55. Die Anzahl der bedingt emissionsfähigen Aktien kann sich u.U. nach dem künftigen Ergebnis und künftigen Kursen der Stammaktien richten. In solchen Fällen basiert die Anzahl der Stammaktien, die in die Berechnung des verwässerten Ergebnisses je Aktie einbezogen werden, auf beiden Bedingungen (also Ergebnis bis dato und aktueller Börsenkurs am Ende des Berichtszeitraumes). Bedingt emissionsfähige Aktien werden in die Ermittlung des verwässerten Ergebnisses je Aktie nicht einbezogen, es sei denn, beide Bedingungen sind erfüllt.

56. In anderen Fällen hängt die Anzahl der bedingt bedingt emissionsfähigen Aktien von einer anderen Bedingung als dem Ergebnis oder Börsenkurs (beispielsweise die Eröffnung einer bestimmten Anzahl von Einzelhandelsgeschäften) ab.
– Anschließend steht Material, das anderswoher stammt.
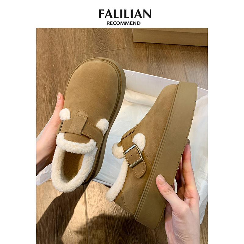 厚底加绒豆豆勃肯鞋女2025新款秋冬季乐福鞋博肯棉鞋子保暖雪地靴
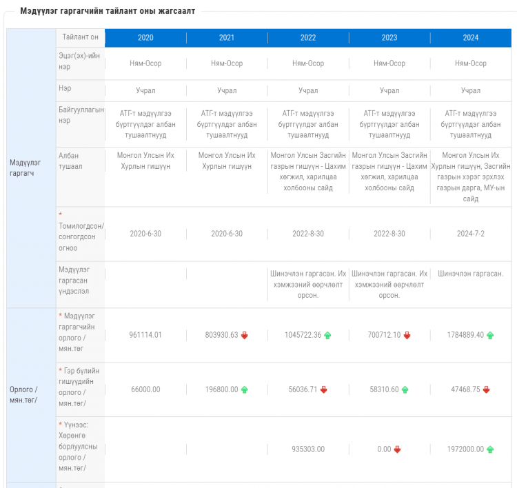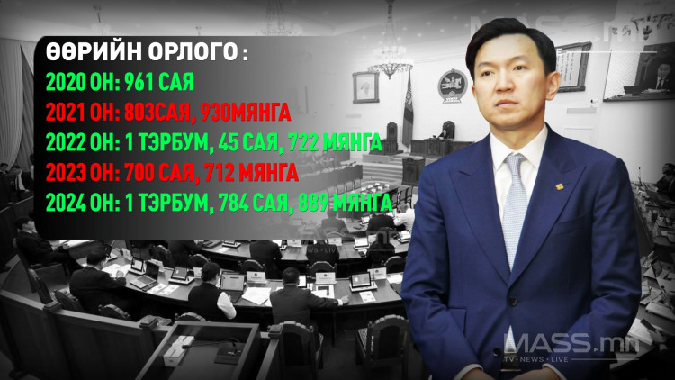 Түүний орлого 2020 онд 961 сая байсан бол 2021 онд 803 сая 930 мянган төгрөг болж буурчээ.

In diesen Fällen werden die bedingt emissionsfähigen Aktien unter der Annahme, dass der derzeitige Stand der Bedingung bis zum Ende der Periode, innerhalb der diese Bedingung eintreten  kann, unverändert bleibt, in die Berechnung des verwässerten Ergebnisses je Aktie nach dem Stand am Ende des Berichtszeitraums mit einbezogen. 

57. Bedingt emissionsfähige potenzielle Stammaktien (außer denjenigen, die einer Vereinbarung zur bedingten Emission unterliegen, wie beispielsweise bedingtes Wandlungskapital) werden folgendermaßen in die Berechnung des verwässerten Ergebnisses je Aktie einbezogen:

(a) Ein Unternehmen stellt fest, ob man bei den potenziellen Stammaktien davon ausgehen kann, dass sie aufgrund ihrer festgelegten Emissionsbedingungen nach Maßgabe der Bestimmungen über bedingt emissionsfähige Stammaktien in den Paragraphen 52-56 emissionsfähig sind; und

(b) sofern sich jene potenziellen Stammaktien im verwässerten Ergebnis je Aktie widerspiegeln sollten, stellt ein Unternehmen die entsprechenden Auswirkungen auf die Berechnung des verwässerten Ergebnisses je Aktie nach Maßgabe der Bestimmungen über Optionen und Optionsscheine (Paragraphen 45-48), der Bestimmungen über wandelbare Instrumente (Paragraphen 49-51), der Bestimmungen über Verträge, die in Stammaktien oder in liquiden Mitteln erfüllt werden (Paragraphen 58-61) bzw. sonstiger Bestimmungen fest.

Die Ausübung bzw. Umwandlung wird jedoch nicht zum Zweck der Ermittlung des verwässerten Ergebnisses je Aktie angenommen, es sei denn, es wird von der Ausübung bzw. Umwandlung ähnlicher im Umlauf befindlicher potenzieller und unbedingter Stammaktien ausgegangen.